Ketiga, adanya sirkulasi kekuasan secara berkala. Di Indonesia, sirkulasi kekuasaan ini terjadi lima tahun sekali, itupun jabatan Presiden dibatasi dua kali periode. Sehingga sirkulasi kekuasaan sangatlah normal.
Keempat, adanya pengawasan kekuasaan yang efektif. Hal ini kiranya juga menjadi problem. Mengingat, ketiga pilar demokrasi, baik eksekutif, legislatif maupun yudikatif akhir-akhir ini terlibat dan penyalahgunaan wewenang dan korupsi. Ditambah pilar keempat demokrasi, yakni pers, akhir-akhir ini juga diintervensi oleh kepentingan politik, sehingga cenderung tidak netral.
Kelima, adanya tata-krama politik atau fatsun politik. Yang terakhir ini kiranya relevan untuk menjadi perhatian kita bersama. Demokrasi tidak boleh dilakukan secara barbarian dan vandal.

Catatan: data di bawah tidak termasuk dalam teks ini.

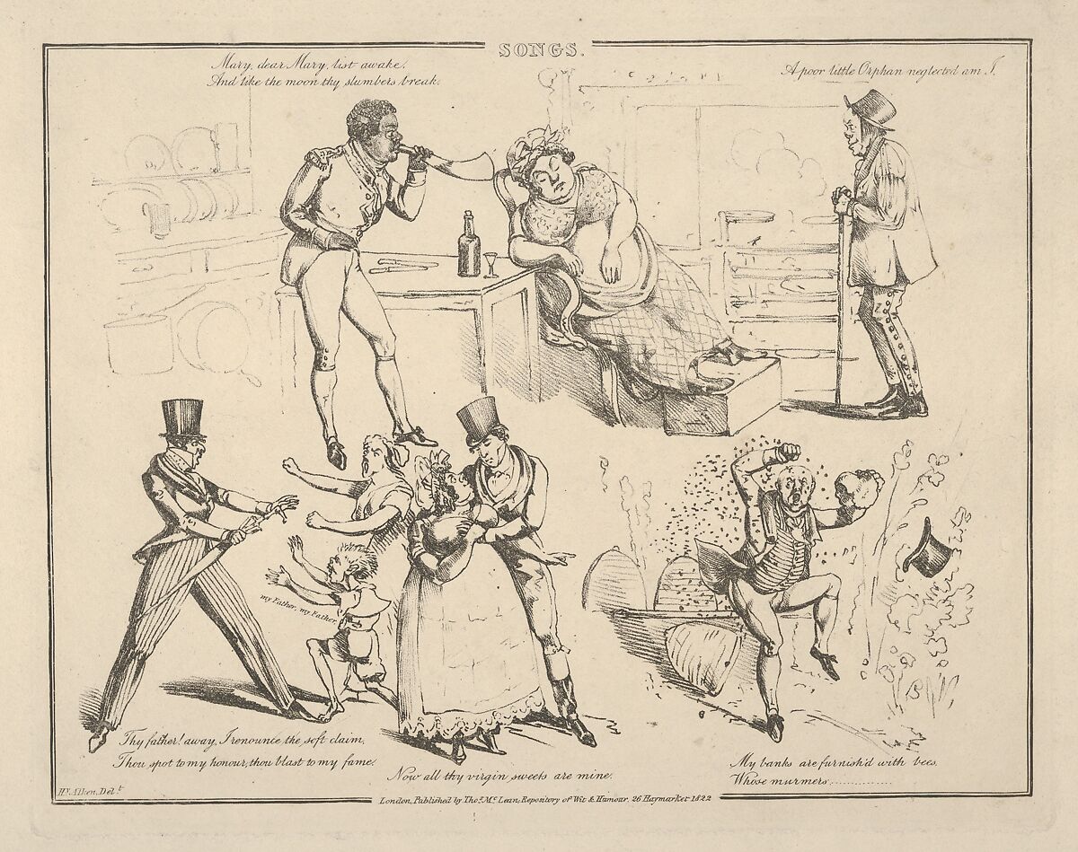 One sheet of a series of satires, designed as a song book. Composed of vignette scenes, each scene illustrating in a humourous fashion a single line from a popular song of the day. The imagery derives from hunting, shooting and horses, scenes from domestic life, fashion, town and country life, military and naval life.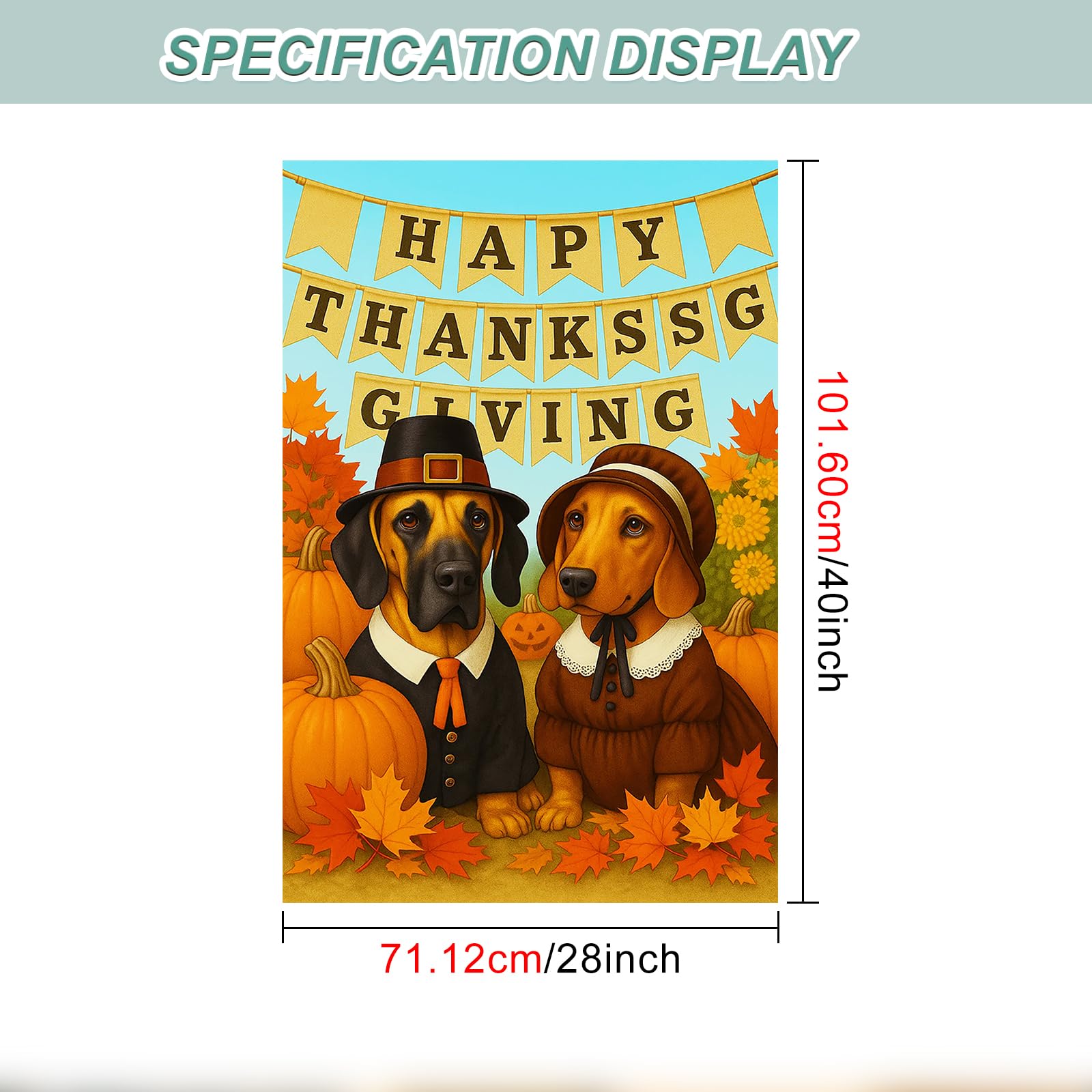 - Special Thanksgiving Dogs Design: Garden Flag presents two adorable dogs in colonial-style costumes surrounded by pumpkins, autumn foliage, and cheerful banner. Soft warm yellow and orange tones bring cozy fall charm, perfect for adding festive joy to outdoor holiday décor.

Demokrasi harus memenuhi sistem tata-krama dan fatsun politik. Sehingga produk yang dihasilkan oleh sebuah sistem demokrasi itu membumi, relevan dengan tata nilai bangsa yang ada. Proses berpolitik yang meninggalkan fatsun politik, kiranya merupakan manifestasi vandalisme yang hanya akan menggerogoti nilai demokrasi kita.
Kita berharap, semoga fenomena kampanye hitam dan saling hujat antar kepentingan politik yang belakangan ini marak, hanya merupakan luapan "nafsu' politik sesaat. Demokrasi bukanlah tujuan, ia sekedar cara untuk mencapai tujuan bernegara. Mari berdemokrasi secara santun!